Malaria is a major global health problem, caused mainly by Plasmodium falciparum parasites. Immunity to malaria is only acquired after continued exposure to the parasite, but even then, the immunity is only partial. The individuals living in high endemic areas can experience symptomatic or asymptomatic infections. The latter can be caused by various blood conditions, including having the sickle-cell trait. This is a condition where individuals have one normal haemoglobin and one abnormal sickle haemoglobin gene. This abnormal haemoglobin has inhibitory mechanisms that protect an individual from developing severe malaria, with symptoms like seizures and ending possibly in death.
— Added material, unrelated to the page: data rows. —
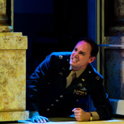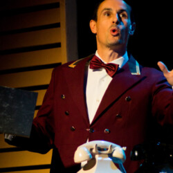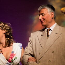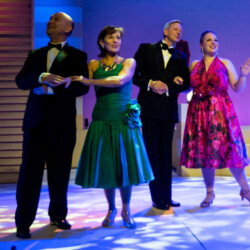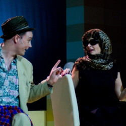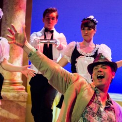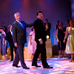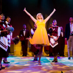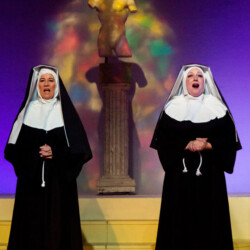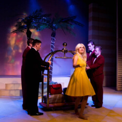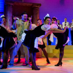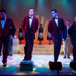 In Dirty Rotten Scoundrels, costumes playfully reflect the opulence and deception of the French Riviera. The suave, sharp suits worn by the charming con men contrast with the glamorous dresses of the wealthy women. The luxurious, eye-catching outfits highlight the show’s comedic tone and high society setting, adding to the wit and charm of this hilarious caper.
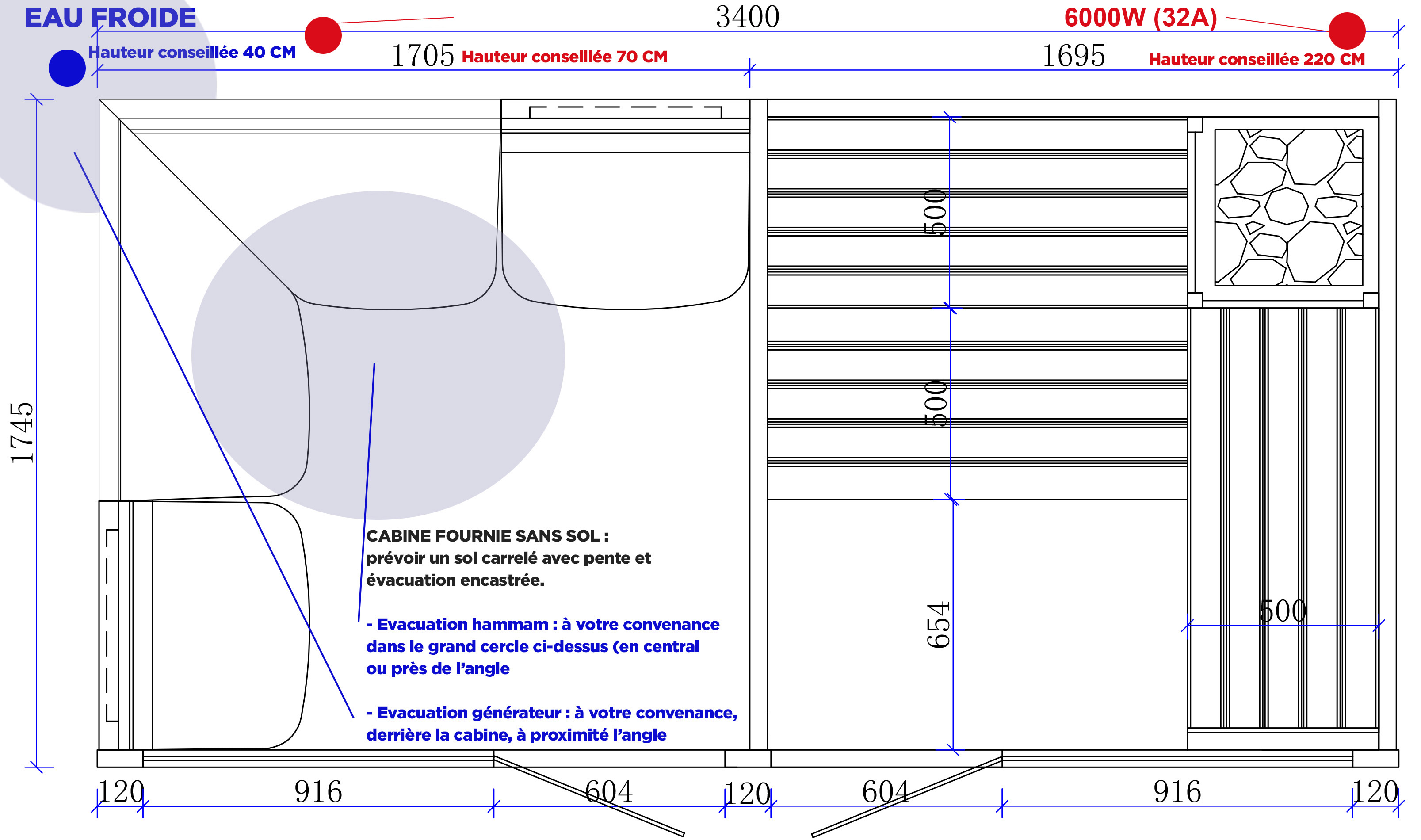 - Le combiné ultime Sauna + Hammam. cadre en bois massif en Cèdre rouge du Canada, et intérieur du sauna en tremble des Etats-Unis.
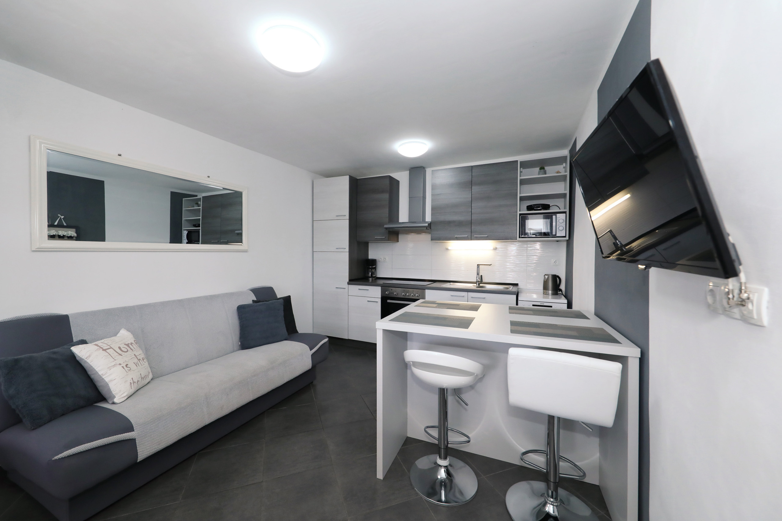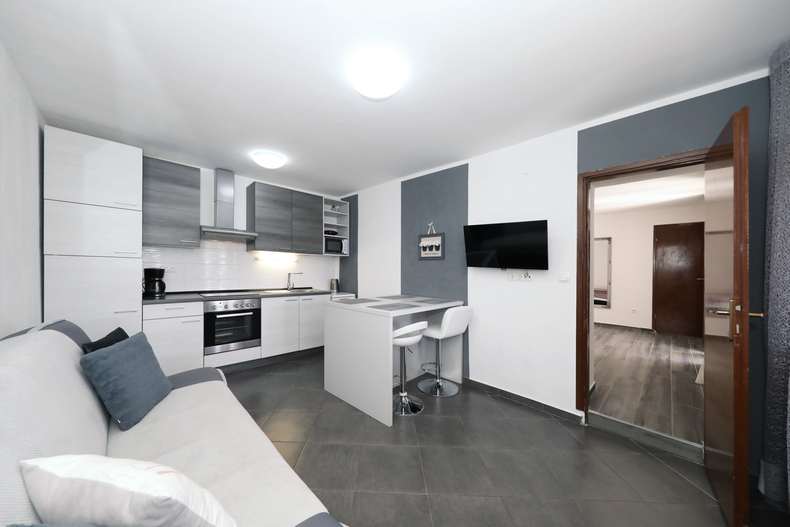 Inside, you’ll find two comfortable bedrooms, both air-conditioned and equipped with double beds, ensuring a restful night’s sleep even during the warm summer months. The bright and open living room invites you to unwind on the cozy sofa or catch up on a movie with the Smart TV, while a dedicated work desk and fast, free Wi-Fi make the apartment suitable even for remote working. The fully equipped open kitchen allows for easy self-catering, with all essential appliances and utensils provided.
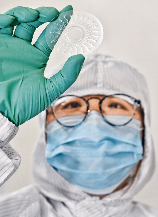 由國內(nèi)幾家科研機(jī)構(gòu)聯(lián)合攻關(guān)開發(fā)的包括新冠病毒在內(nèi)的呼吸道病毒(6種)核酸檢測(cè)試劑盒(恒溫?cái)U(kuò)增芯片法),只需采集患者的鼻、咽拭子等分泌物樣本,在1.5小時(shí)內(nèi)便可一次性檢測(cè)包括新冠病毒在內(nèi)的6種呼吸道病毒。圖為科技人員在展示恒溫?cái)U(kuò)增芯片。新華社記者 劉坤/攝
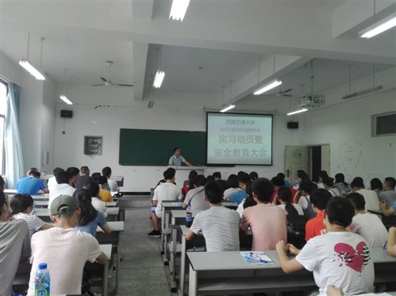 7月14日,西南交通大学信息科学与技术学院轨道交通信号与控制专业学生来我院开展实习。beat365教师杜中彦、周莹、陈龙、张晓鹏,西南交通大学实习领队教师谢刚及82名学生参加了实习动员及安全教育大会。
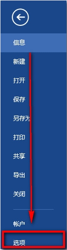 第一步、打开Word2013软件,点击文件菜单,在出现的文件菜单中,点击“选项”
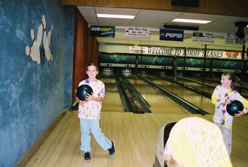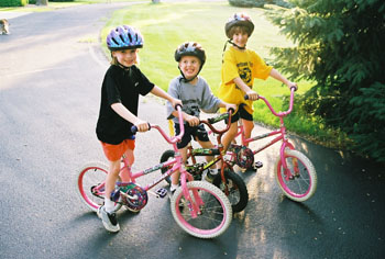 We got a Burley to take behind our bikes, and to go walking with when the twins were born. This way we could get out and do things, and they got to come along. We all got to spend time together. We had this Burley for years, until they were all finally old enough to walk on their own, or ride bikes on their own. We got them involved with lots of activities: running, swimming, riding bikes, bowling. Anything to keep us moving. Here we are doing all these activities.

The fact that sickle-cell carriers are protected against malaria is well known, however the mechanisms that cause this protection are not very well understood. This review, therefore, focusses on two main processes with which sickle-cell carriers are protected from severe malaria. The first is the increased sickling of Plasmodium infected red blood cells and the second is the decreased adherence of infected red blood cells to endothelial cells. Both mechanisms seem to increase the phagocytosis of infected red blood cells by the spleen and consequently reducing the risk of developing severe malaria. These findings are important to further the understanding of the mechanisms underlying the protection of sickle-cell carriers against malaria.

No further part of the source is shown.